Oulad Rechache is a district in eastern Khenchela, Algeria and one of the oldest areas in this state in the Middle Algeria that emerged as a district in 1990. It is adjacent to the state capital, and includes two municipalities. This district is located in a border area between Khanshalah and Tebessa and was important in fight against France during the Algerian Revolution. It is one of the most important areas to maintain the Tamazight language (local accent) comparing to the state capital, where much circulation of Chaouia is widely relevant in all aspects of daily life.

Its name comes from the largest throne in the community of the Amazigh, before becoming the name of the District.

Climate 

Oued Rechache District is characterized by the steppe climate which prevails in the Aures highlands. This climate is transitional between the Mediterranean climate and the dry desert climate that is characterized by continental rain conditions ranging from 300–500 mm per year.  Rain is not regular, with monthly extreme thermal sensitivity, and most days of the winter feature ice.
This climate entails hot dry in summers exceeding , with cold, snowy winters, where temperatures sometimes reach to less than .

Community 
The population of Olad Rechache district is 52,993 according to 1998 statistics. The people are mainly Amazigh (Chaouia).

Customs and traditions 
The Oulad Rechace population does not differ much from the rest of the Amazigh in terms of customs and traditions. are steeped in the throne is a large inherited from ancestors in the way of their dress such Jalaba and Albernos. It has the oldest of the Amazigh Pass in North Africa – Ksksoo (couscous) is best of Arashashien (Oulad Rechache Peoples) dishes. It dates to the pre-Islam, in addition to Achakhcokha dish and other delicious dishes that are still present on the table despite the factors of civilization.

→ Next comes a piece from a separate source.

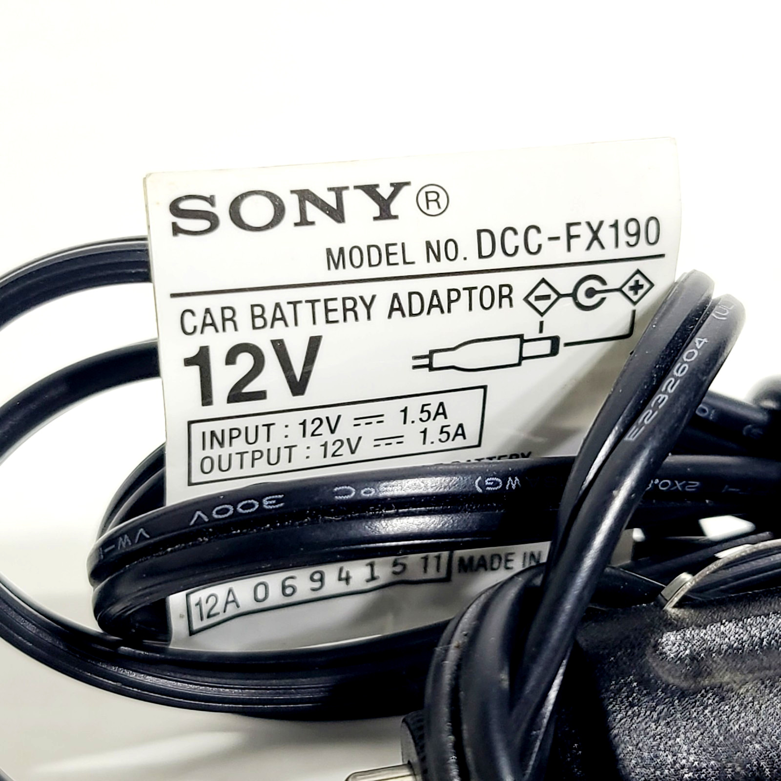 Sony DVD 12v Car Battery Adapter Model No. DCC-FX190 Genuine SONY Product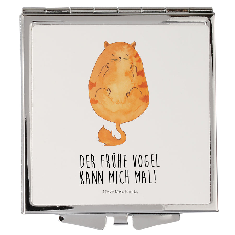 Handtaschenspiegel quadratisch Katze Frühaufsteher - mit Spruch - Weiß

Habits and traits that are characteristic the Oulad Rechace people, "we note that the courage and respecting  the scholars, generosity of visitors (Guest) steadiness of principle and showed the qualities of the population since the times provided.

Administrative division 
The district is further divided into two municipalities and four villages, respectively:

Municipalities
Ouled Rechache as a municipality & Capital of District.
El Mahmal municipality located 12 km west of district.

Villages
Ras Elma as a village located 7 km east of district.
Elmayta as a village located 60 km south of district.
Icherthithen as a village located 15 km west of district.
Boudakhan as a village located 40 km south of district.
Oulad azddin as a village located 11 km east west of district.

Oulad Rechache industries
Oulade Rechache's industries produce notably:
 Flour and its derivatives.
 Meat of all kinds
 Vegetables of all kinds. 
 Beverages.
 There is also much handicraft production.